What you should do.
Look below for the line containing "s'y emploient |", then write out that line and every line after it to the end, exactly, minus the pictures.

Source material.
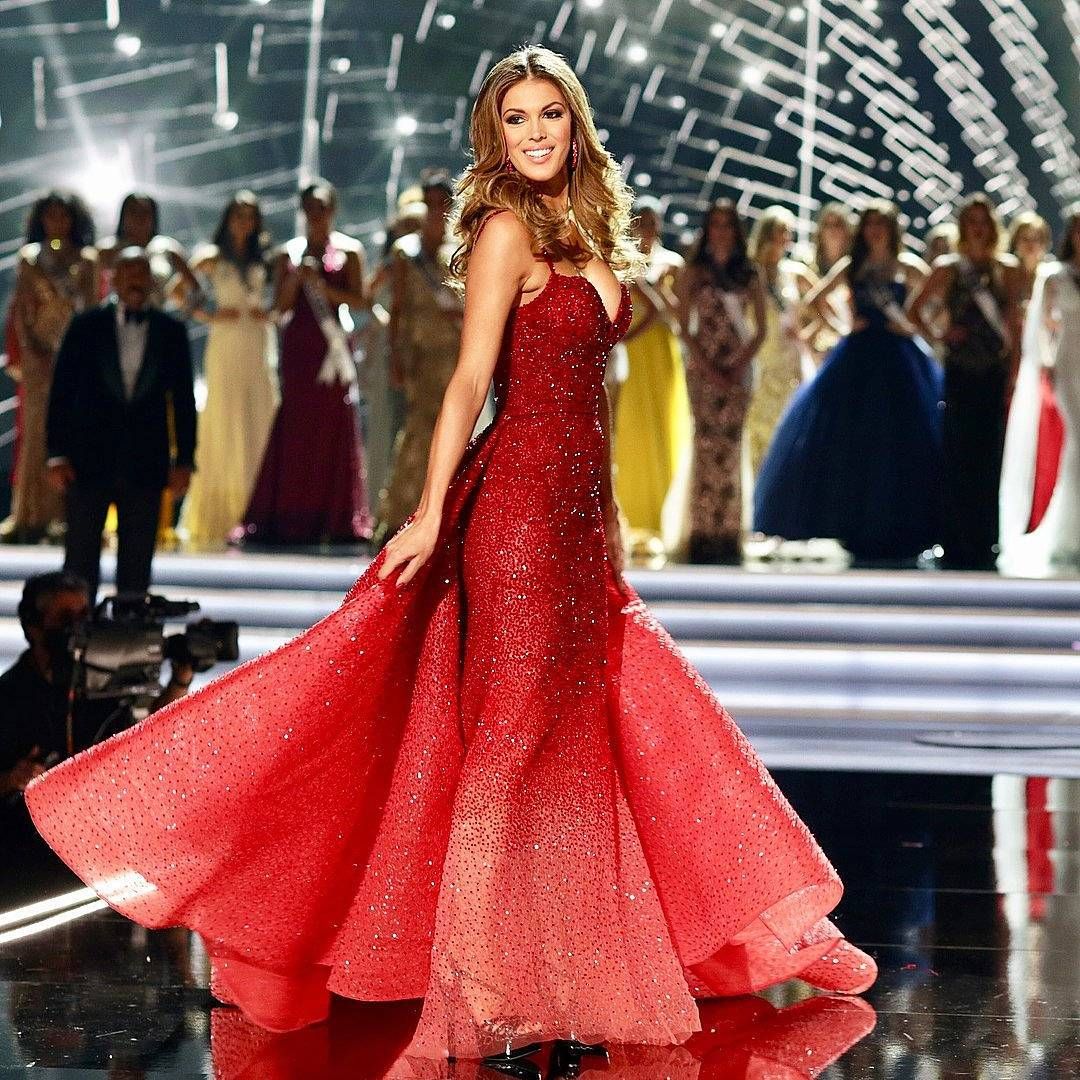 Cựu Miss Universe 2016 - Iris Mittenaere lại khác biệt với kiểu váy có tà phía sau.
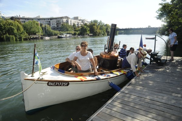 | Mais il faut aller chercher "la Belle" au corps mort. Les lamaneurs de Chatou s'y emploient |
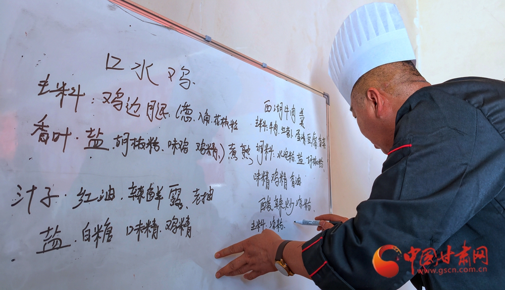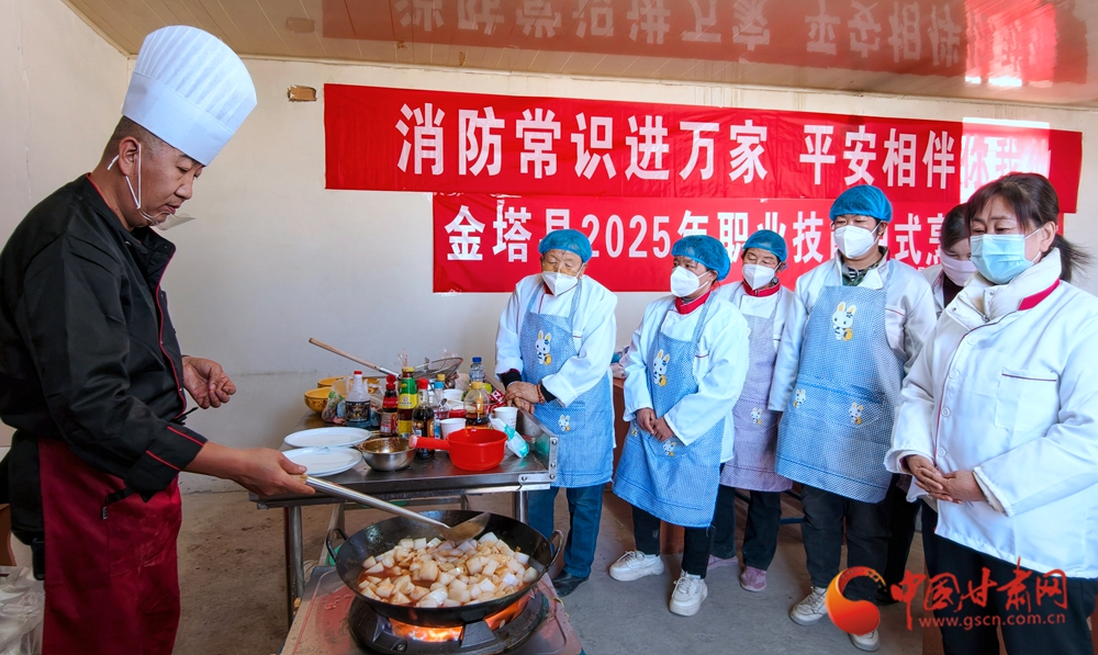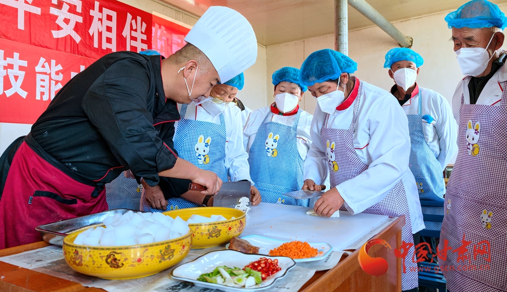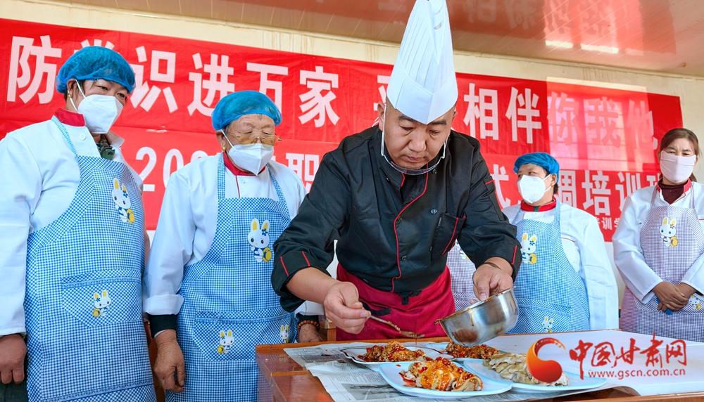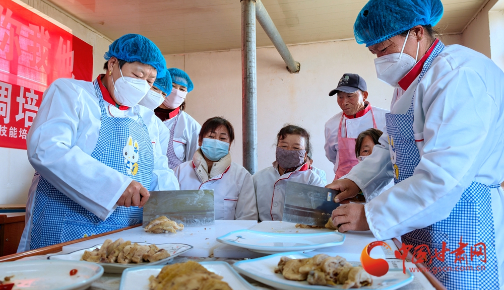 11月4日,金塔縣古城鄉(xiāng)頭號(hào)村,村民在培訓(xùn)老師指導(dǎo)下正在學(xué)習(xí)廚藝。

Task answer.
 | Mais il faut aller chercher "la Belle" au corps mort. Les lamaneurs de Chatou s'y emploient |
 11月4日,金塔縣古城鄉(xiāng)頭號(hào)村,村民在培訓(xùn)老師指導(dǎo)下正在學(xué)習(xí)廚藝。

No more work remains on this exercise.